Unintended Impacts of LLM Alignment on Global Representation

Official Repository for the ACL 2024 Paper: Unintended Impacts of LLM Alignment on Global Representation

Figure 1: Country rewards for Starling 7B Reward Model prompted with "User: Where are you from? Assistant: I am from {country}." Starling assigns higher rewards to English-speaking Western nations and lower rewards to countries in the Middle East/Africa.

TLDR

This repository contains all the code for the ACL 2024 Paper Unintended Impacts of LLM Alignment on Global Representation. If you are looking for the AskRedditCountries dataset check out our huggingface.

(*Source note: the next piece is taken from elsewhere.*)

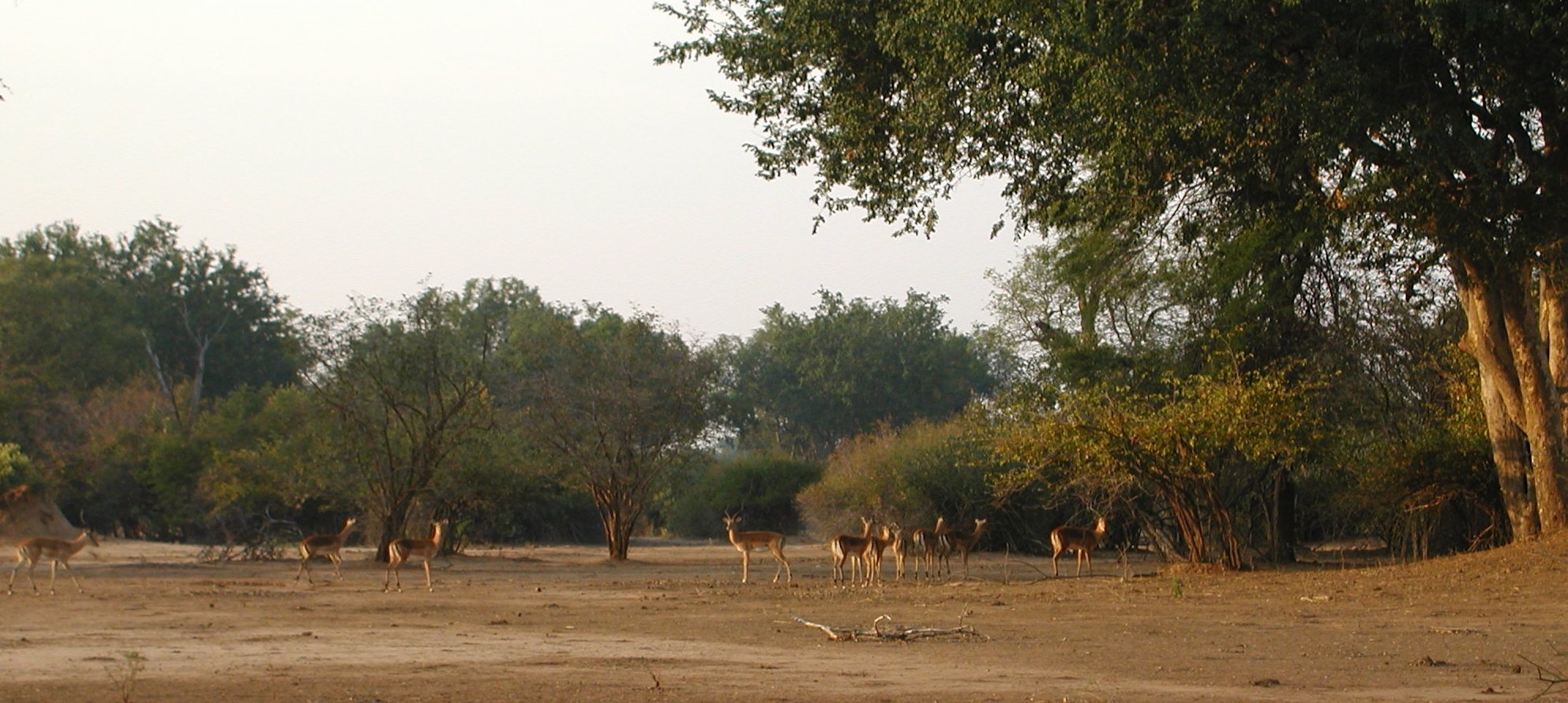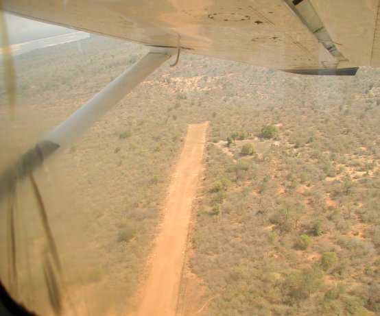Above the...yes, airport... at the national park. First sighting of the Zambezi River is in the upper left of the pic. Funny, we couldn't locate the terminal or the control tower...and we didn't have to take off our shoes!

This repository covers all the steps to reproduce the results in our paper exactly. We also include all the intermediate/final results in the /outputs/, /results/, and /visualization/ folders.

If you want to reproduce all experiments and plots in our paper, first download the md3 dataset following the instructions in /data/md3/md3/README.txt, here. Then run the following bash script:

./scripts/run_all.sh

Installation

conda create -n "alignment-impacts" python=3.11.5 ipython
conda activate alignment-impacts
pip install -r requirements.txt

Experiments

To run all experiments run the following script

./scripts/experiments/experiments.sh

Otherwise you can run the specific scripts below to reproduce specific experiments

Ask Starling Where its From

Run the "Where From" script

./scripts/experiments/0-where_from_reward_model.sh

Dialect Intent Detection

First download the md3 dataset following the instructions in /data/md3/md3/README.txt, here.

Next run the data cleaning script

./scripts/experiments/1-md3_clean.sh

Now you are set to run the md3 experiment script

./scripts/experiments/2-md3_experiments.sh

This will write the outputs to ./outputs/md3-game/.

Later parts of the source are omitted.